管理人の子に光源氏が、「ここに魔物に取り付かれたものが苦しそうにしているので、惟光の朝臣が泊っている所に行って、急ぎ参れと命ぜよ。もし運よく阿闍梨(惟光の兄)がいたら、ここに来るように言え。」と言って行かせます。
光源氏自身、何とか口をきけて、夕顔を死なせてしまったらどうしよう…と考えている状況の中、辺りは木々がざわめき、異様な鳥の声で寂れて薄暗く、勿論人の声もしない。光源氏はここでやっと、どうしてこんな馬鹿げたところに来たのかと後悔します。右近は、わなわな震えて今にも死にそうな様子で光源氏にしがみついており、夕顔は今まで通り倒れたままなので、今ここでちゃんとしているのは自分だけ…。更に火は瞬いて、みしみしと足音が聞こえて…、惟光早く来てくれ~と思う夜は、まるで千年夜を超すような心地がしたそうです。
やっとのことで、鶏の声が聞こえてきます。現代では鶏の鳴き声、と言いますと朝の訪れの合図と思う方が多いと思うのですが、それは平安時代も同様で、さらに鳴き声と共に魔は去ると考えられていたようです。
光源氏は安心したのか、余計なことを考えていきます。どんな因縁があってこんなことが起きるんだろうか…。自身の女関係のあれこれが原因か…? このことはお父さんの耳にも入るだろうし、他の人も噂するだろうし、うつけ者と言われるに違いない…! と。
今回はここで時間切れ。前回から続いていた夜がやっと終わりましたが、光源氏の心の安寧は、まだお預けのようです。
この場面で印象深いのは、惟光とその母(光源氏にとっての乳母)と光源氏との関係性です。管理人の子に惟光を呼んでもらう際、光源氏は要約の他に、「かの尼君などの聞かむに、おどろおどろしく言ふな。かかるありき許さぬ人なり。」((この状況に関して)もしあの尼君(乳母)に会っても大げさに言うな、こうして忍んでいることをやかましく言う人だから…。)と言います。

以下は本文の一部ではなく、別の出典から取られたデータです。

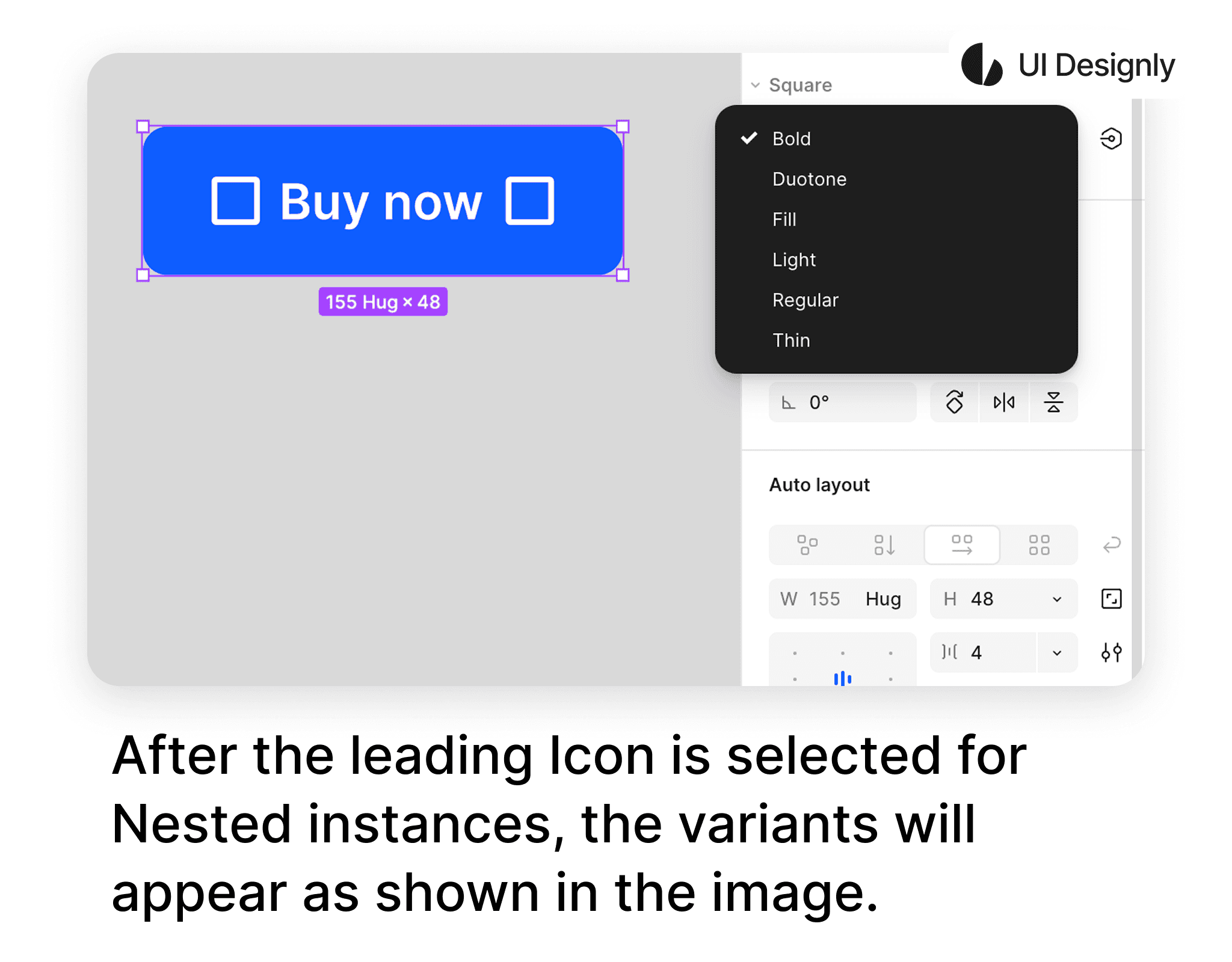 To apply this “Swap Instance” to the button's icon, first select the icon you want to apply as shown, then click on the “Apply Instance Swap Property” icon and select “Icon leading swap” to finish.

光源氏は実母を早くに亡くしているし、新しい母も、光源氏にとっては母、よりもディープな関係の対象であったために、母と明確に呼べる存在がこの乳母なんですね。所謂、オカン特有のやかましさは、実子の惟光や阿闍梨と同じくらいに光源氏も知っているんです。対して乳母も同じで、長い間実子と同様に育ててきた光源氏は、もはや息子同然なのです。息子がガールフレンドを連れてお屋敷で一晩過ごした挙句そのガールフレンドが倒れちゃったなんて知ったら、そりゃあやかましく追及しますし、息子も追及されるのは嫌だから、母の知らないことはあまり多く言わない…。現代でも同じですよね。

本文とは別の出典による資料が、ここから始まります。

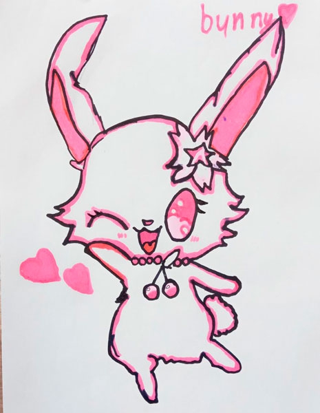 Конкурс Нарисуй Кролика в стиле аниме, Михайленко СофияМаленькие девочки безумно любят розовый :)) Белый, значит нежный!

一方、惟光と光源氏の関係は…、言うまでもなく、乳母子同士の強い絆がある関係であることを皆さんご存じだと思います。今回の場面の光源氏は、夕顔は倒れているし、右近は今にも死にそうだし…、しっかりしているのは自分だけ、という大変な状況になります。その時に頼るのは、やはり惟光です。「惟光疾く参らなむとおぼす」と、乳母子の関係で部下であるとはいえ、こういうピンチに頼りたいと思えること、二人の間に強い絆があることが強く伝わってきます。
今週は朝が明けて終わりましたが、さて、来週こそ惟光が到着するのでしょうか。光源氏はどうなってしまうのでしょうか。これからの読解が、とても楽しみです。